The two sources $S_1$ and $S_2$ are incoherent, meaning they do not maintain a constant phase relationship with each other. Therefore, their electric fields do not interfere. Instead, their intensities add up on Screen B.

However, each individual source acts as a coherent source for the double slit on Screen A, creating its own Young’s Double Slit interference pattern on Screen B.

• Source $S_1$: Located at $y = +l/2$. Due to the vertical shift of the source, its central maximum (where path difference is zero) will shift downwards on Screen B.
  Using the standard result for source shift: $\Delta y_{center} = – \frac{D}{D_{source}} y_{source}$.
  Here, $D_{source}=D$ and $D_{screen}=D$.
  Shift for $S_1$: $y_1 = – \frac{D}{D} (\frac{l}{2}) = -\frac{l}{2}$.
• Source $S_2$: Located at $y = -l/2$.
  Shift for $S_2$: $y_2 = – \frac{D}{D} (-\frac{l}{2}) = +\frac{l}{2}$.

Condition for Disappearance of Pattern

We have two separate interference patterns superimposed on Screen B. One is centered at $-l/2$ and the other at $+l/2$. The distance between the centers of these two patterns is $l$.

A “stationary interference pattern” will not be observed if the maxima of one pattern overlap exactly with the minima of the other pattern.

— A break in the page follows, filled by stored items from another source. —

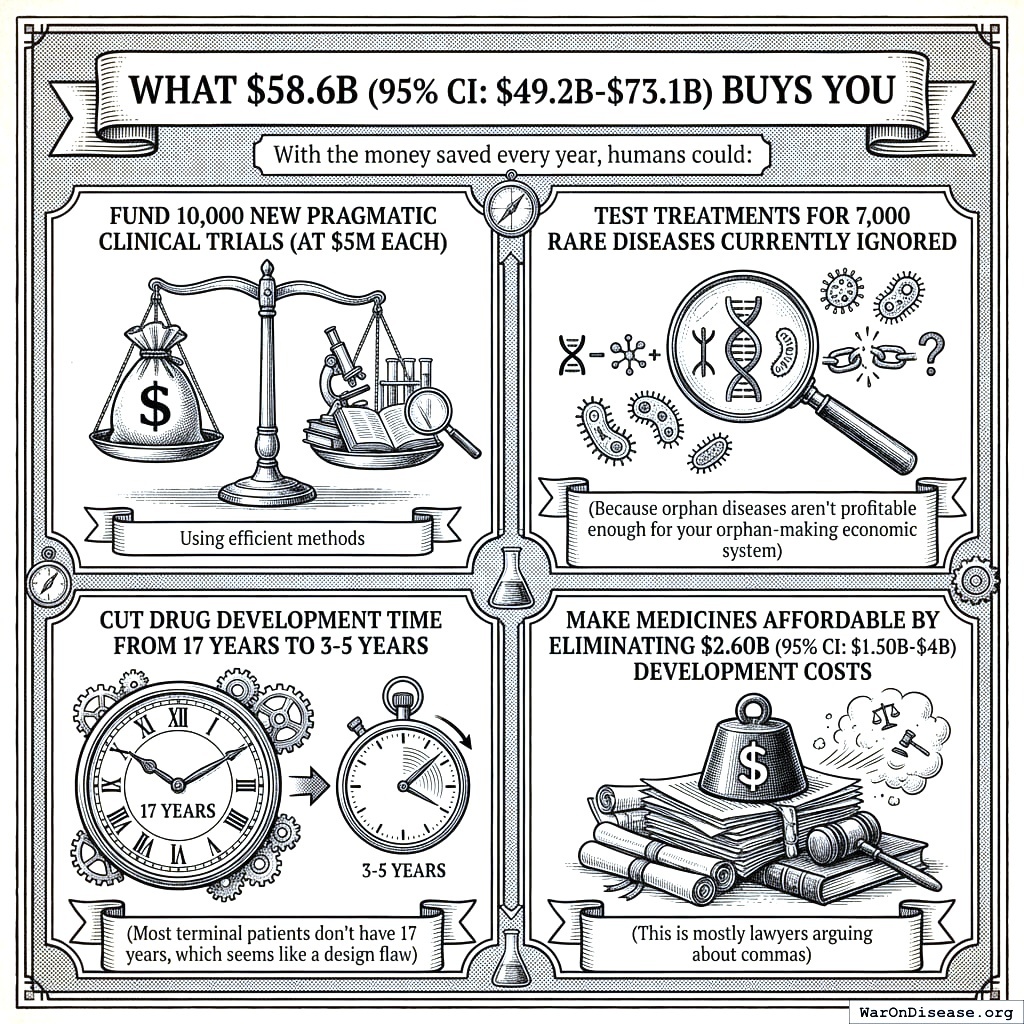 Your current system charges $41,000 (95% CI: $20,000-$120,000) per patient in a clinical trial. I asked why and was told “regulatory compliance, site management, and monitoring overhead,” which I believe is the human phrase for “permission costs more than medicine.” Pragmatic trials, the kind your decentralized FDA runs, cost $929 (95% CI: $97-$3,000). At that price, $21.7 billion (95% CI: $21.7 billion-$21.7 billion) buys you 23.4 million patients/year (95% CI: 9.44 million patients/year-96.8 million patients/year) trial slots per year.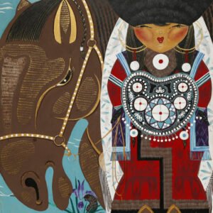 Одна из работ художницы называется «Пого. Наследие». Пого – это украшение-оберег, закрывающее грудь и живот замужней женщины, вышитое с использованием перламутровых пуговиц, раковин каури, бисера и монет. У каждого рода свой узор, в котором «зашифрованы» данные о роде, количестве детей и более детальная информация, которая была предназначена только для хранителей рода. Мастерство создания пого передается из поколения в поколение, от матери к дочери. В работе художница изобразила процесс обучения мастерству изготовления оберега через поколение – от бабушки к внучке – нить, связывающая прошлое и настоящее.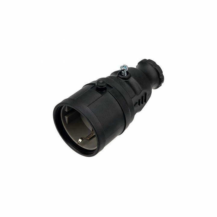 Электрическая влагозащищенная переносная розетка предназначена для подключения бытовых и профессиональных приборов к электросети. Разработана для использования в сложных эксплуатационных условиях с высокой влажностью. Широко применяется в быту, на производстве и в строительстве. Розетка имеет степень защиты IP20 – без включенной вилки и не защищена от капель и брызг воды. Совместно с включенной влагозащищенной вилкой розетка имеет степень защиты IP44, что позволяет использовать розетку для организации электропитания под открытым небом, а в дождь – под навесом. Не допускается погружение в воду. Розетка оснащена защитной крышкой. Для обеспечения безопасности детали, соприкасающиеся с токоведущими частями выполнены из огнеупорного материала, устойчивого к температуре до +850 ?С. Ударопрочный разборный корпус выполнен из каучука: устойчив к ударам, вибрациям и другим механическим воздействиям. Заземление: есть. Сечение проводников: 0,75-2,5 мм2. Контактная группа: MS-58 (латунь). Тип полюсов: 2Р+РЕ.

This results in uniform illumination (washout).

The condition for this is that the shift between the patterns must be an odd multiple of half the fringe width ($\beta/2$).

$$ \text{Shift} = (2n + 1) \frac{\beta}{2} \quad \text{where } n = 0, 1, 2… $$

The fringe width $\beta$ is given by $\beta = \frac{\lambda D}{d}$ (Note: the distance from slits to screen is $D$).

Substituting the shift $l$:

$$ l = (2n + 1) \frac{\lambda D}{2d} $$